TSK’nın son senelerde yaşadığı problemlerin özünde darbe yapmaya kalkıp, becerememiş olması falan yatmıyor; işin özünde çok daha yapısal ve başka müesseselerle, yapılarla ortak olabilecek bir sorun var.
TSK gibi çok önemli bir kamu hizmeti, dış güvenlik kamu hizmeti üreten bir müessesenin bugün içinde bulunduğu sevimsiz durumun en belirleyici nedeni ordunun oluşturduğu bir yasal zırhla kendini her türlü denetimin dışına taşımış olmasıdır.
Senelerce harcamaları TBMM ve Sayıştay denetimi dışında kalan, kendi yargısını kendi yapan, atama ve yükseltme işlemlerini (YAŞ) yargı denetimi dışında tutan, vs. bir kurumun denetim eksikliği üzerinden bozulmaması mümkün değildi ve nitekim de bozuldu.
TSK; Sayıştay’ı, sivil yargıyı vs. hep kendine yabancı, hatta düşman (!) gördü, en doğruyu hep kendinin temellük ettiğini zannetti ve bugün karşımızda denetim dışına çıkmışlığın sonucu olarak hem militer etkinliğini büyük ölçüde yitirmiş, hem de yasadışı işlere bulaşmış bir müessese var.
Gelelim 1964 senesinden beri tanıdığım, çok yakın dostum Mehmet Altan’ı bugün basında görememe meselesine.

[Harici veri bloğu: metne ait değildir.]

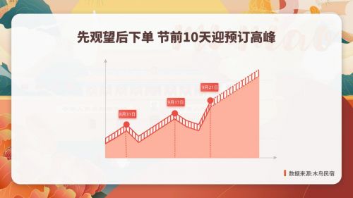 另外。从木鸟民宿2021年国庆订单增长走势来看,8月31日迎来第一个预订高峰,部分用户选择节前一个月提前预订,保证在房源位置、房型、装修等偏好上,有更多选择的空间。随着国庆火车票开始预售,9月17日,木鸟平台迎来第二个国庆预订高峰,抢到车票,订好住宿,国庆旅游准备工作完成一半。中秋刚过,不少持观望态度的用户纷纷下单,利用中秋假期做好十一出行的路线和计划,完成民宿预订,9月21日,平台迎来第三个预订高峰。从三个高峰的走势来看,节前10天为集中预订高峰。
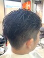 メンズ学生カット。かりあげとツーブロックでスッキリと。くせ毛を活かしたショートレイヤーと質感調整で軽く動きのある仕上がりに。ジェルワックスやワックススプレーで立体感を。
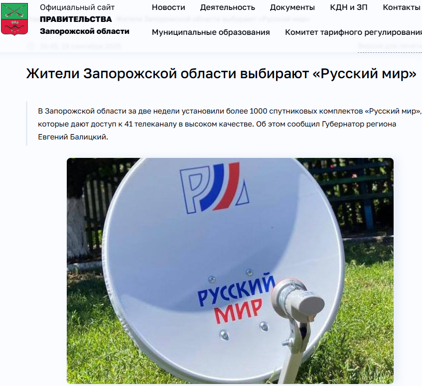 У вересні 2025 року окупаційний голова частини Запорізької області Євген Балицький своїм наказом заборонив жителям ТОТ області використовувати українські комплекси супутникового мовлення “Горинич” і зобов’язав демонтувати їх до 1 жовтня 2025 року. Замість них почали встановлювати супутникові антени “Рускій мір”, які транслюють російську пропаганду і дезінформацію.
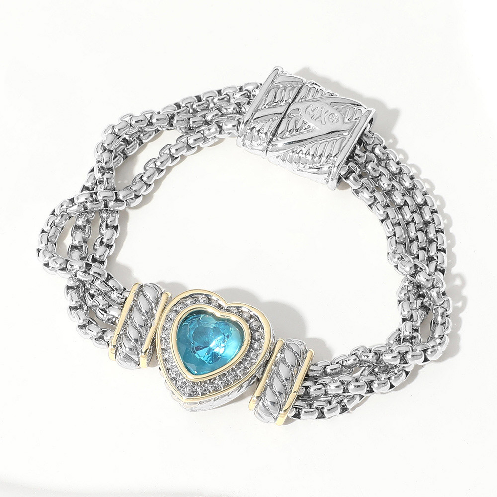 14K Gold Plated CZ Stone Paved Heart Pointed Magnetic Bracelet
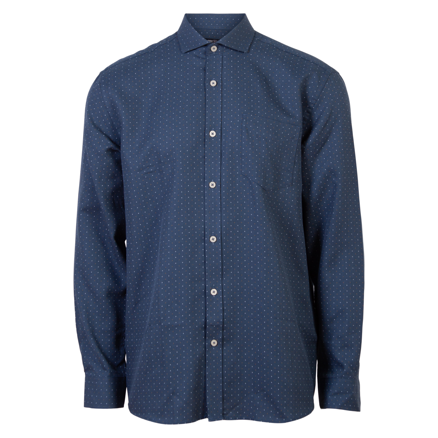 Pre End herre skjorte. Skjorten er blå med små prikker i guld og hvid og har gennemgående knappelukning. Der er knapper i ærmerne, som gør at den kan tilpasse sig om armene. Skjorten har en brystlomme..

Bu meselenin iki, biri özel, biri de kamusal boyutu var; Mehmet’in çok yakın dostum oluşu, paradoksal olarak, büyük ölçüde de etik açıdan, meselenin özel boyutuna, yaşanan nahoş sürece girmeme, sütunuma taşımama mani.
Ancak, meselenin çok önemli bir de kamusal boyutu mevcut ve bu boyut Mehmet’in bugün hangi kurumsal nedenlerden basında olmayışının çok fevkinde bir önemi haiz.

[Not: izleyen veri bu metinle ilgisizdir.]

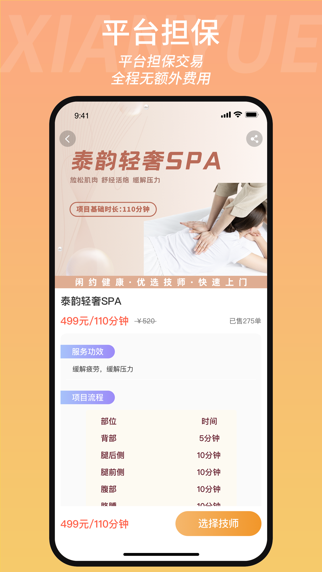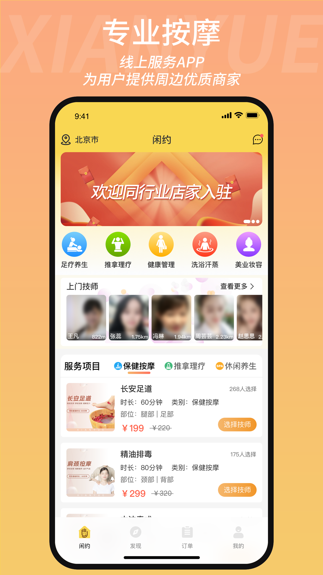 1、上门服务:选择您喜欢的按摩服务项目,预约技师在约定时间内上门服务。
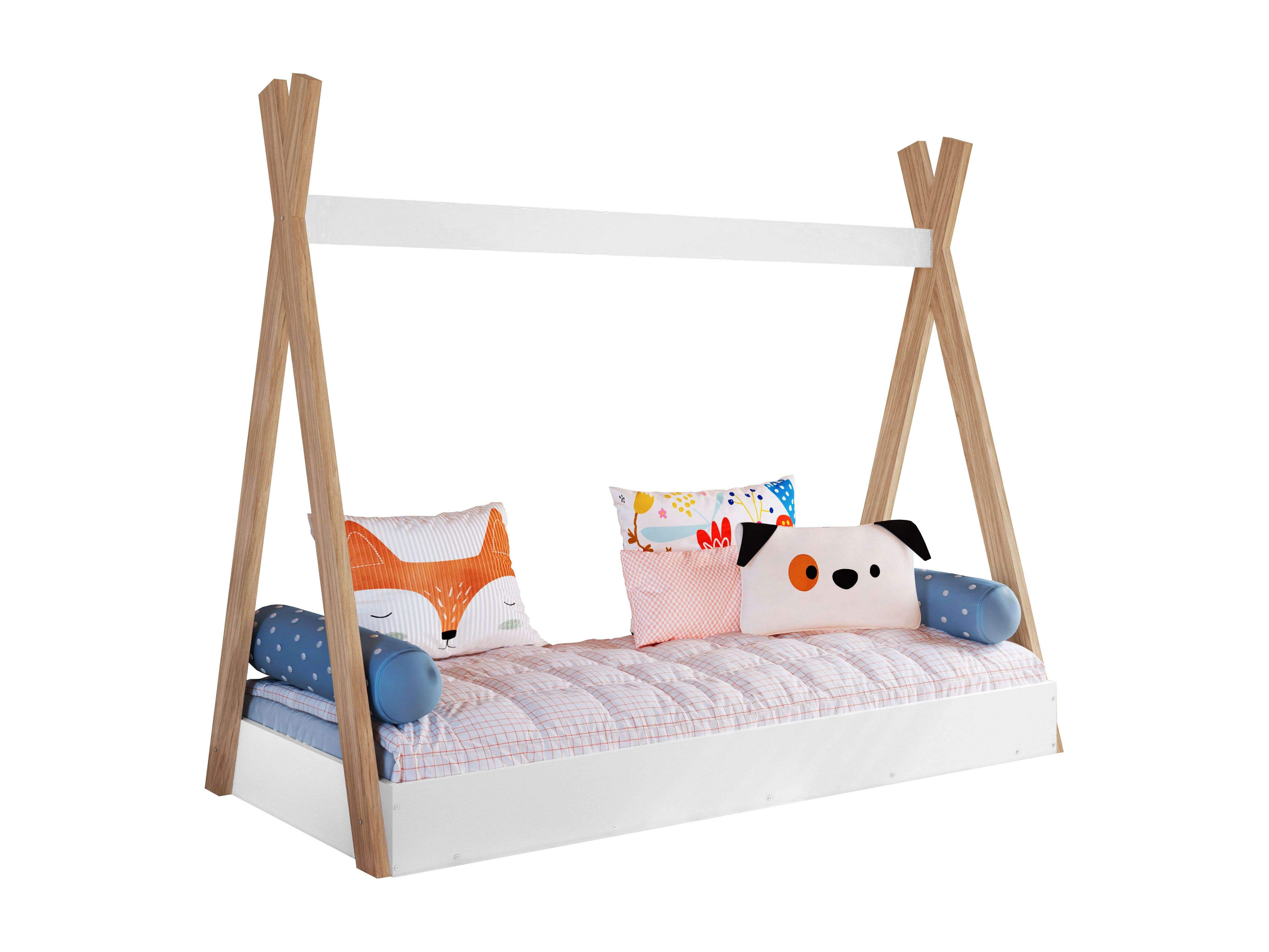 Lit enfant Tipi en blanc mat/chêne 80x190 cm
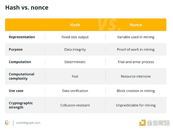 在区块链的背景下,随机数是矿工用来生成满足特定要求的哈希值的变量,而哈希值是从输入数据生成的固定大小的输出。 下表列出了哈希值和随机数之间的区别。
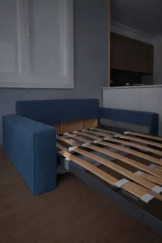 Vendo sofá cama de diseño moderno, perfecto para piso, estudio o habitación de invitados. • Medidas cerrado: aprox. 178 cm de ancho x 76 cm de fondo, altura 70 cm. • Medidas abierto: 178 cm x 95 cm, altura 35 cm. • Material: estructura y patas de madera, tapizado en tela gris. • Capacidad: dos plazas, reclinable. • Estado: muy bueno y funcional; tiene algunos hilos sueltos y los forros traseros están rotos, pero no afecta en nada a su uso ni a su estética frontal. • Precio: 120 € (por debajo del precio medio). Es muy cómodo, fácil de abrir y cerrar, y encaja genial en cualquier decoración. Ideal para quienes buscan calidad y
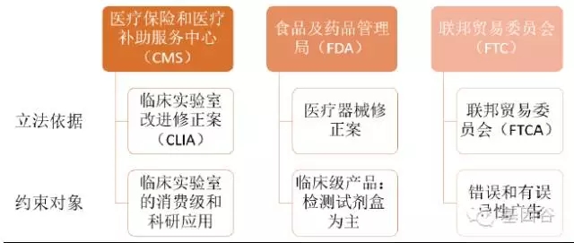 美国基因测序产业由医疗保险和医疗补助服务中心(CMS)、食品及药品管理局(FDA)和联邦贸易委员会(FTC)共同监管。CMS 主要通过《临床实验室改进法案修正案》(CLIA)监管消费级和科研级应用,FDA 负责临床级产品的审批,FTC 负责监管其中错误和有误导性的产品宣传。美国有近80%的实验室通过了CLIA 认证,意味着这些临床实验室试验结果的准确性、可靠性和时效性都将得到CLIA 认可,从而为其承接更多临床试验项目铺平道路,也意味着CLIA 实验室能够根据市场的现实需求,快速地开发实验室自建项目,并通过在临床上的应用给予可靠的临床指导。CLIA 认证解决了基础研究和临床应用之间低效率转化甚至脱节的问题,对转化医学和研究成果转化有非常重要的意义。美国大部分液态活检公司都是走CLIA 认证,而非FDA 认证。中国也借鉴了这种方式来规范国内基因检测公司的竞争。
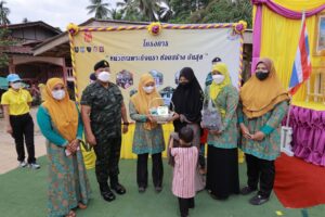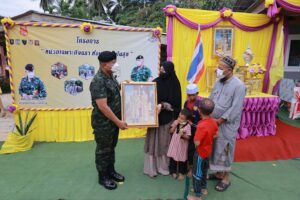 พร้อมกันนี้แม่ทัพภาคที่ 4 ได้มอบพระบรมฉายาลักษณ์ พระบาทสมเด็จพระเจ้าอยู่หัวฯ และสมเด็จพระนางเจ้าพระบรมราชินี ก่อนมอบป้ายชื่อบ้าน ถุงยังชีพ ชุดเครื่องนอน ชุดเครื่องครัว จักรยาน อุปกรณ์กีฬา เครื่องอุปโภค บริโภค แก่ครอบครัว ที่ได้รับการสนับสนุนจากหน่วยต่าง ๆ ในพื้นที่ รวมถึงองค์กรภาครัฐและเอกชน และได้มอบเงินช่วยเหลือเพิ่มเติม ให้แก่ครอบครัวเจ้าของบ้าน เพื่อเป็นการต่อยอดการดำเนินชีวิตพัฒนาคุณภาพชีวิตข้างหน้า และได้เฉลิมฉลองวันฮารีรายอที่กำลังจะถึงในเร็วๆนี้ต่อไป
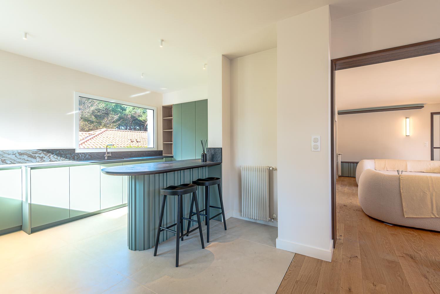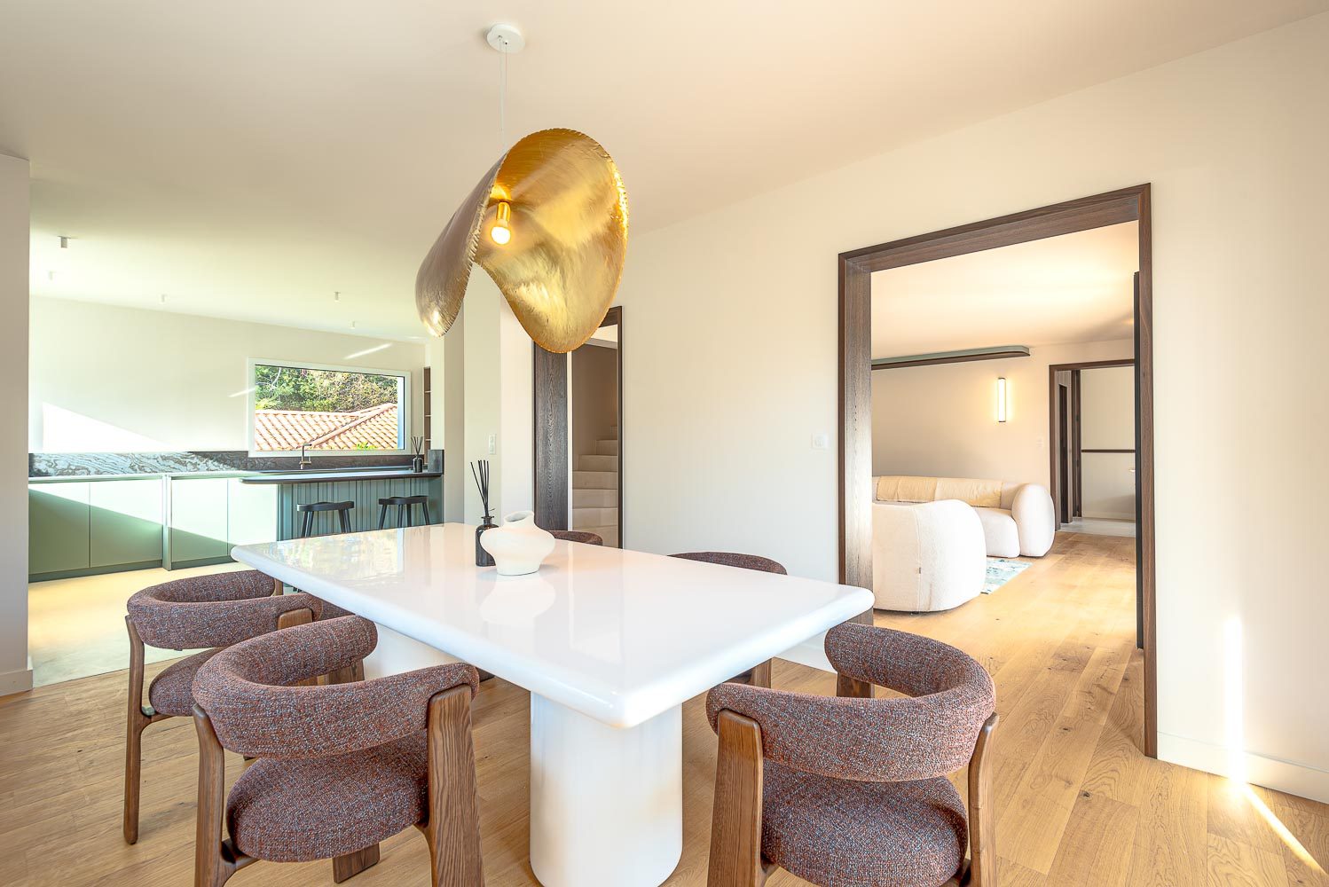 Tournées vers un environnement calme et verdoyant les pièces de vie s'ouvrent sur une belle terrasse avec piscine chauffée , la salle à manger se prolonge sur une spacieuse cuisine ouverte entièrement équipée et aménagée.

AB meselesinin patinaj yaptığı bu günlerde AK Parti’nin en somut ve en muazzam başarısı askeri vesayeti bitirmiş olması demiyorum, anayasal ve yasal maddeler orada duruyorlar, ama bu hukuk dışı vesayeti çok büyük ölçüde geriletmiş olmasıdır.
Ancak, bu askeri vesayeti geriletme sürecinin de, en azından cesurca tartışılma, gündeme taşınma sürecinin yine büyük ölçüde ikinci cumhuriyetçi tezlerle başladığını hatırlayalım.
Ve bugün, askeri vesayetin AK Parti marifetiyle büyük ölçüde geriletilmiş olduğu bir dönemde ikinci cumhuriyetçi tezlerin banisi Mehmet Altan’ın basında olmaması, en azından, tuhaf bir durumdur.
Gelelim TSK benzetmeme.
Basında bugün AK Parti ile ilgili yazı yazan üç tür köşe yazarı görüyoruz: birinciler AK Parti’nin yaptıklarını ve yapacaklarını her koşulda manasızca eleştirenler, bunların zaten bir ağırlığı pek yok, ikincisi AK Parti’nin yaptıklarını eleştirmeden destekleyenler ve üçüncü olarak da AK Parti’yi yaptıklarından değil, yapmadıklarından eleştirenler.
Yeni Türkiye’nin inşaa sürecinde, bendeniz, bu üçüncü grubun katkısını, AK Parti’nin yaptıklarını değil, yapmadıklarını eleştirenlerin yapıcı katkısını, itme gücünü çok önemsiyorum.
Yeni Türkiye’nin inşaa sürecinde de entelektüel ve yapıcı acımasız denetimin payı çok büyük olacak.
Mehmet de galiba bu üçüncü grubun en önemli yazarlarından idi.